Sieci energetyczne nie nadążają. Musimy szybko wydać miliardy dolarów

Niezależny dziennik polityczny

Międzynarodowa Agencja Energetyczna oszacowała, że świat musi dobudować lub wymienić około 80 mln km sieci do 2040 r., aby osiągnąć cele klimatyczne.

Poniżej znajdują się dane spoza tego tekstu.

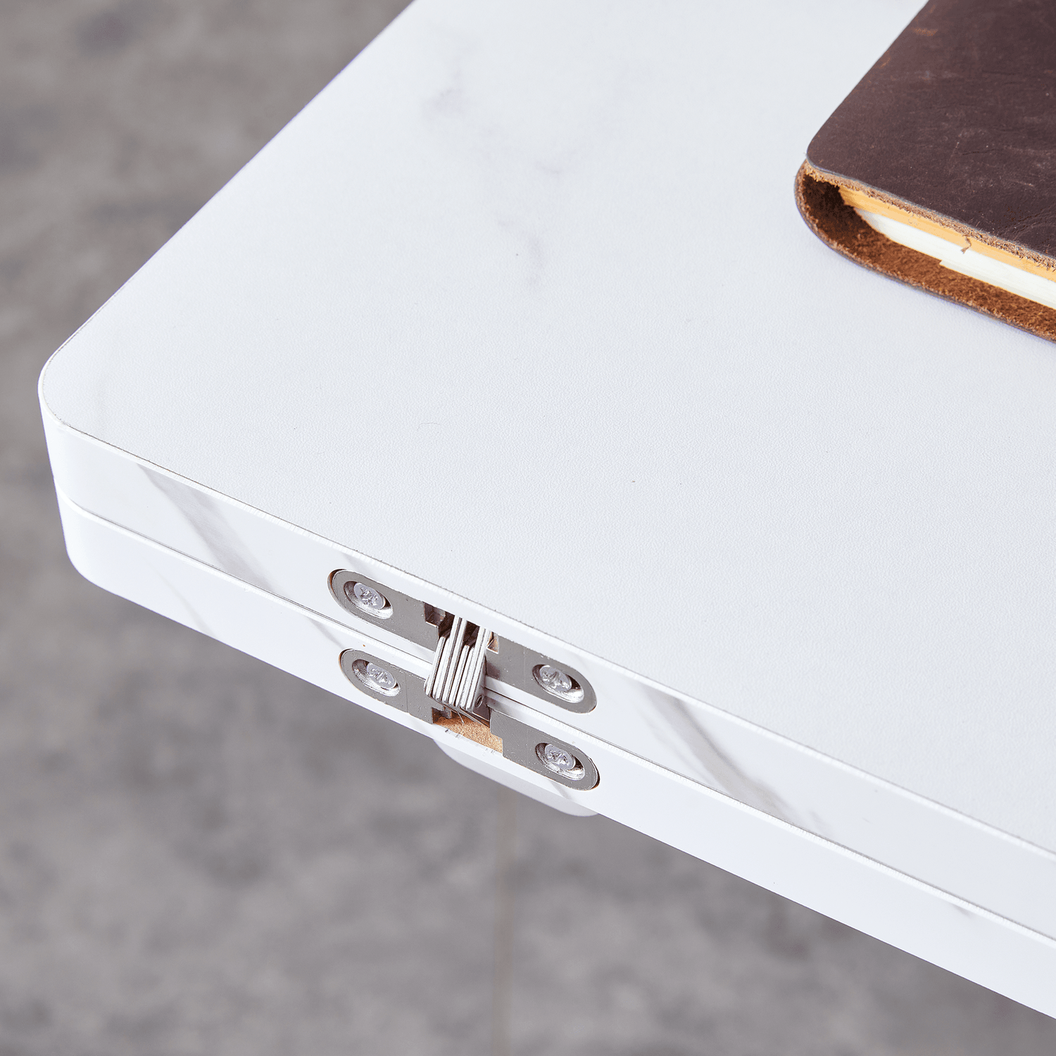 This sleek multifunctional lift table offers exceptional adaptability for your living or work space. Featuring a durable 0.8 inch (2 cm) thick MDF textured white desktop paired with elegant golden metal legs, it blends modern design with practical functionality. Easily switch between a dressing table, coffee table, dining surface, or office desk to suit your needs. The adjustable legs allow height customization from 18.3 inches to 29 inches, ensuring ergonomic comfort whether seated or standing. When not in use, the table folds compactly to save space, making it ideal for small apartments or versatile rooms. Rounded corners enhance safety while the sturdy construction supports daily use. Upgrade your home with this stylish and practical lift table—elevate your space and productivity today.

To oznacza ogromne i kosztowne inwestycje.

  • Międzynarodowa Agencja Energetyczna opublikowała raport pokazujący, że transformacja energetyczna i zapobieganie zmianom klimatu zależą w wielkim stopniu także od rozwoju sieci energetycznych.
  • Raport wskazuje, że globalnie sieci nie nadążają za szybkim rozwojem kluczowych zielonych technologii, takich jak energia słoneczna, wiatrowa, samochody elektryczne i pompy ciepła.
  • Poprawa sytuacji, warunkująca powodzenie transformacji wymaga znaczącego wzrostu inwestycji w sieci liczonego globalnie w miliardach dolarów i pilnych decyzji ze względu na długie cykle modernizacji i rozbudowy sieci.

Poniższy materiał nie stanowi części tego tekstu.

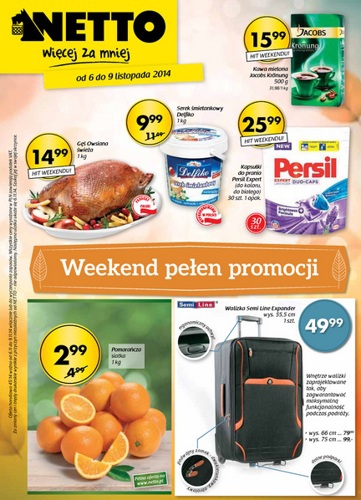 {loadposition linkNetto} Nowa gazetka promocyjna Netto - "Weekend pełen promocji". Polecane promocje z gazetki Netto: Pomarańcze 1 kg - 2,99 zł. Walizka Semi Line Expander - 49,99 zł. Gęś owsiana świeża 1 kg - 14,99 zł. Oferta…
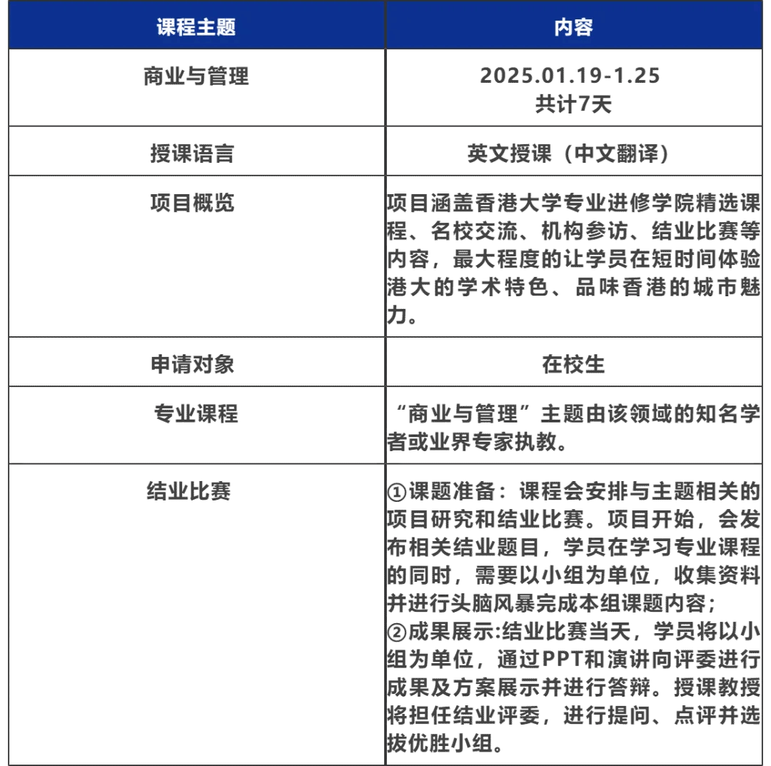 我们诚挚邀请您加入“2025香港大学商业与管理项目”7天6晚

Inwestorzy w sektorze odnawialnych źródeł energii w Polsce od dawna zmagają się z trudnościami dotyczącymi przyłączania do sieci energetycznych, informując o odmowach przyłączenia. To zjawisko pokazało, w jak dużym stopniu powodzenie transformacji energetycznej zależy od stanu infrastruktury sieciowej.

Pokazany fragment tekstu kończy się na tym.